Lot Review Lead

SCN BestCo

12h•$29 - $44

About The Position

We believe being healthy should not require tradeoffs. SCN BestCo is a leading innovator, developer and manufacturer of Vitamin, Mineral & Supplement (VMS), Over-the-Counter (OTC) and prebiotics/probiotics in enjoyable forms such as gummies, lozenges and chews. With over 50 years of excellence, our team leads the way in changing how consumers make healthier choices. With unique food science expertise and proprietary processes, we’ve pioneered many firsts. The fire in our belly to create new to the world products has guided and continues to be core to our mission of making health and wellness more enjoyable. Come join us and become a part of our winning formula!
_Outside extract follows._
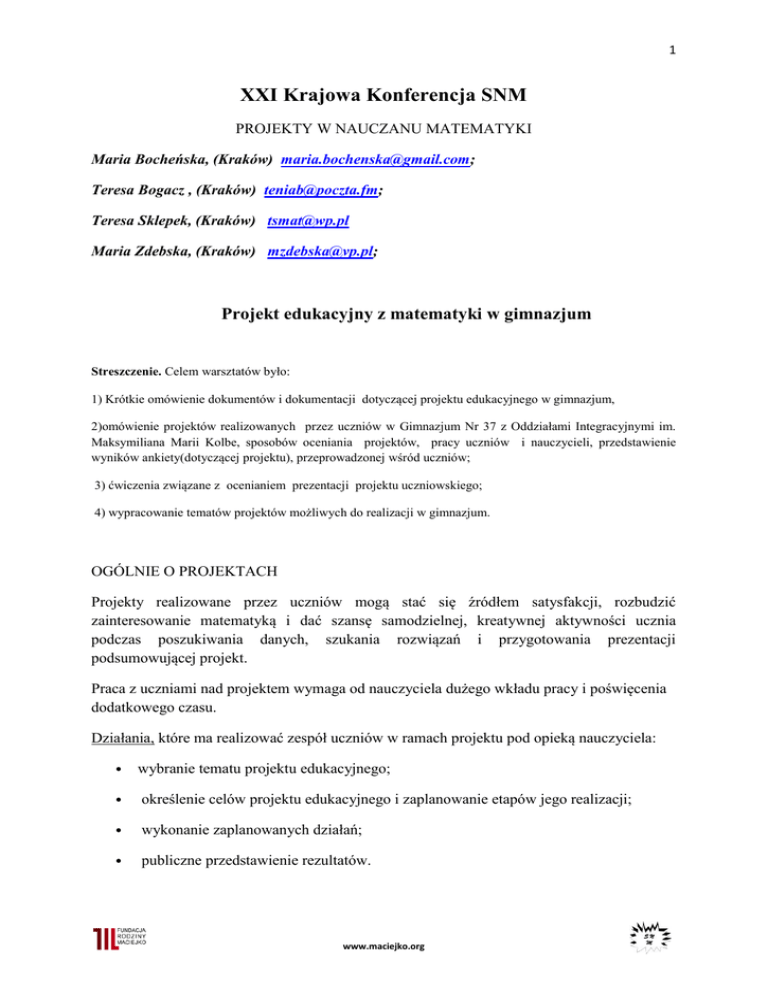 1 XXI Krajowa Konferencja SNM PROJEKTY W NAUCZANU MATEMATYKI Maria Bocheńska, (Kraków) [email protected]; Teresa Bogacz , (Kraków) [email protected]; Teresa Sklepek, (Kraków) [email protected] Maria Zdebska, (Kraków) [email protected]; Projekt edukacyjny z matematyki w gimnazjum Streszczenie. Celem warsztatów było: 1) Krótkie omówienie dokumentów i dokumentacji dotyczącej projektu edukacyjnego w gimnazjum, 2)omówienie projektów realizowanych przez uczniów w Gimnazjum Nr 37 z Oddziałami Integracyjnymi im. Maksymiliana Marii Kolbe, sposobów oceniania projektów, pracy uczniów i nauczycieli, przedstawienie wyników ankiety(dotyczącej projektu), przeprowadzonej wśród uczniów; 3) ćwiczenia związane z ocenianiem prezentacji projektu uczniowskiego; 4) wypracowanie tematów projektów możliwych do realizacji w gimnazjum. OGÓLNIE O PROJEKTACH Projekty realizowane przez uczniów mogą stać się źródłem satysfakcji, rozbudzić zainteresowanie matematyką i dać szansę samodzielnej, kreatywnej aktywności ucznia podczas poszukiwania danych, szukania rozwiązań i przygotowania prezentacji podsumowującej projekt. Praca z uczniami nad projektem wymaga od nauczyciela dużego wkładu pracy i poświęcenia dodatkowego czasu. Działania, które ma realizować zespół uczniów w ramach projektu pod opieką nauczyciela: • wybranie tematu projektu edukacyjnego; • określenie celów projektu edukacyjnego i zaplanowanie etapów jego realizacji; • wykonanie zaplanowanych działań; • publiczne przedstawienie rezultatów. www.maciejko.org 2 Dokumenty • Deklaracja przystąpienia ucznia do realizacji projektu edukacyjnego • Karta Projektu • Sprawozdanie z realizacji projektu edukacyjnego • Karta oceny projektu edukacyjnego Przygotowujący projekty powinni pamiętać, że: • każdy projekt edukacyjny powinien być oryginalny, • na prawach cytatu można włączać urywki lub drobne utwory, obowiązkowo podając nazwisko autora, • należy uwzględnić prawa autorskie i prawa o rozpowszechnianiu wizerunku. PRZYKŁADY TEMATÓW PROJEKTÓW REALIZOWANYCH Z UCZNIAMI W GIMNAZJUM NR 37 W KRAKOWIE: 1. „Black and white” – zaprojektowanie płytki i kompozycji z kilku jednakowych płytek. Zaprojektowanie kwadratowej płytki w dwóch kolorach np. czarnym i białym (kwadrat podzielony na wielokąty, z których część jest czarna lub w innym kolorze, tak aby płytka była dwukolorowa). Z dziewięciu jednakowych tak zaprojektowanych płytek większego kwadratu. trzeba ułożyć różne warianty Cześć badawcza: Obliczanie pola części jednego koloru płytki lub całej kompozycji. Opisywanie łamanych, obliczanie ich długości. Rodzaje łamanych. Figury unikursalne. Opisywanie przekształceń wykorzystanych w projektowaniu kompozycji ( np. symetrie) Opisywanie wielokątów powstałych w wyniku różnych ułożeń płytek. Własności tych wielokątów. Metoda wykonania dowolna: płytki wykonane ręcznie (kolorowane, malowane, wyklejane papierem) na komputerze lub sfotografowane. www.maciejko.org 3 2. Kwadraty. Projektowanie wzorów z wykorzystaniem kwadratów. 1. Utworzenie np. z dwóch kwadratów nowej figury - nałożenie ich, tak, aby nałożyły się środki kwadratów i ich osie symetrii, ale nie całe kwadraty. Cześć badawcza: opisanie wielokąta jaki powstał, obliczenie jego pola i obwodu, opisanie jego własności - osi symetrii, środek symetrii, przekątne, miary kątów wewnętrznych, sumę kątów wewnętrznych itp. 2. Zbadanie możliwości uzyskania kompozycji z takich figur, przy założeniu, że figury mogą się stykać wierzchołkami lub całymi bokami. 3. Prostokąty. Projektowanie wzorów z wykorzystaniem prostokątów. 1. Utworzenie np. z dwóch prostokątów o stosunku boków 2:1 (połowa kwadratu) - nowej figury – nałożenie ich wzdłuż przekątnych tak, aby przekątne się nałożyły, ale nie całe prostokąty. Cześć badawcza: opisanie wielokąta jaki powstał i jego własności, - obwód, pole całej figury części wspólnej, pole ‘wystających” trójkątów? 2. Zbadanie możliwości uzyskania kompozycji z takich figur, przy założeniu, że figury mogą się stykać wierzchołkami lub całymi bokami. 4. Matematyczne wyszywanki Bardzo ciekawe wzory otrzymujemy, gdy kolorowymi nićmi zaznaczymy wszystkie przekątne w wielokącie, szczególnie o dużej liczbie boków. Wykonaj matematyczną wyszywankę komputerowo lub wyszyj na kartonie lub materiale. Jakie krzywe można zauważyć? Poszukaj informacji na ich temat. Informacje na temat matematycznych wyszywanek można znaleźć w internecie lub w podanej literaturze: 1. E. Żórawska-Dobrowolska. Nitką wyszywane. ABC wyszywania. Wydawnictwo NOWIK. Opole 2003. 2. H. Balbierz, P. Pawlikowski, J. Pasławska. Matematyczne wyszywanki. Sztuka kreślenia nitką. Wyd. Triforia Warszawa 2003. 3. S. Kowal. Przez rozrywkę do wiedzy. Rozmaitości matematyczne. Wydawnictwo NaukowoTechniczne. Warszawa 1989. www.maciejko.org 4 4. W. Bieńko. Zygzakiem przez matematykę. PZWS Warszawa 1965. 5. Parkietaże 1. Poszukaj w encyklopedii, słowniku matematycznym lub w internecie co to jest parkietaż i krótko wyjaśnij, podając źródło informacji. Znajdź przykłady parkietaży. Napisz, gdzie mają zastosowanie. 2. Jakimi trójkątami można pokryć dokładnie płaszczyznę? 3. Sprawdź, jakimi wielokątami o jednakowych bokach można pokryć dokładnie płaszczyznę - tak, aby nie było „pustych przestrzeni”. Jaki warunek musi być spełniony? 4. Wybierz jeden z wielokątów wypukłych, przekształć go tak, aby otrzymać ciekawy kształt. 5. Zaprojektuj i wykonaj Swój parkietaż. 6. Bryły na płaszczyźnie 1. Przypomnij sobie jak powstaje siatka sześcianu, prostopadłościanu, graniastosłupa, ostrosłupa... 2. Zbadaj, jakimi siatkami brył można pokryć płaszczyznę, tak aby nie było „pustych przestrzeni”. Efekty Swojej pracy przedstaw w formie plakatu, prezentacji lub albumu; dowoln

As a member of the Quality Assurance team, the Lot Review Lead provides day-to-day guidance, training, and support to a team responsible for a wide variety of activities related to ensuring compliance with applicable company and regulatory requirements. This position reviews and approves various types of regulatory documentation and provides support to the quality systems including lot review, investigations, and audit support. Estimated starting annual base salary is $29.19-$43.78/ hour less applicable withholdings and deductions, paid on a bi-weekly basis. Please note that the actual compensation offered may vary based on relevant factors as determined by the Company, which may include, but is not limited to, location, experience, qualifications, education, skillset, and market conditions. The target base compensation for this role is in the low to middle of the range, with the top of the range reserved for only exceptional circumstances. In addition, this role is eligible for a discretionary, variable annual incentive, paid based on Company performance factors. SCN BestCo offers a competitive benefits package to eligible full-time employees, which currently includes medical, dental, and vision plans, 401(k) with employer matching contributions, life insurance, paid time off, tuition reimbursement, and more, as well as paid sick leave in accordance with applicable law. Each benefit is subject to eligibility requirements as specified in plan documents, and the Company reserves the right to modify the benefits it offers from time to time.

Requirements

High school diploma or equivalent.
5 years’ relevant professional experience in a dietary supplement or food manufacturing environment.
Excellent leadership, attention to detail, written and verbal communication skills.
Proven ability to interpret and apply GMP regulations.
Proven ability to perform and resolve investigations/deviations and root cause analysis.
In-depth understanding of Good Manufacturing Practices (GMP).
Proficiency with Microsoft Word, SharePoint, Excel, and Outlook.
Ability to calculate figures and amounts such as discounts, interest, commissions, proportions, percentages, area, circumference, and volume. Ability to apply concepts of basic algebra and geometry.
Must have the ability to communicate effectively, verbally and in writing, with internal staff and management.
Ability to read and interpret documents such as safety rules, operating and maintenance instructions, and procedure manuals. Ability to write routine reports and correspondence. Ability to speak effectively before groups of customers or employees of organization.
Must be able to demonstrate practical problem solving and troubleshooting skills.
Ability to apply common sense understanding to carry out instructions furnished in written, oral, or diagram form. Ability to deal with problems involving several concrete variables in standardized situations.

Nice To Haves

Associate’s degree in science or technical field.
HACCP certification.
Bilingual in English/Spanish.

Responsibilities

Provide day-to-day guidance, training, and support to, and on behalf of, the Lot Review team in collaboration with management.
Drive improvements to Lot Review processes, procedures, tools, trainings, and programs.
Review completed batch records for compliance and accuracy.
Perform final approval for release of finished product.
Support internal, customer, certification, and regulatory quality audits.
Support the training of all employees through lot review and critical process steps within the batch production records.
Respond in real time to operational issues to prevent and avoid deviations, including immediate response to questions from operations personnel that could potentially lead to non-conformances and failures.
Facilitate resolution of potential nonconformance events.
Ensure operational compliance by making sure policies and procedures are followed.
Identify and report redundant, difficult, or outdated Batch Production Forms to management.
Coordinate storage, filing and retrieval of batch records.
Provide input and assist with implementation of improvements to streamline the BPR review and approval process.
Support all departments with corrective actions, audit findings and follow-up.
Provide training in Good Manufacturing Practices (GMP) to new and existing employees as directed.
As assigned, participate in committees and projects, implement changes, and manage processes.
Provide On the Job Training (OJT) for new hires.
Support in continued training and development of Lot Review staff.
Provide task direction to Lot Review Specialists.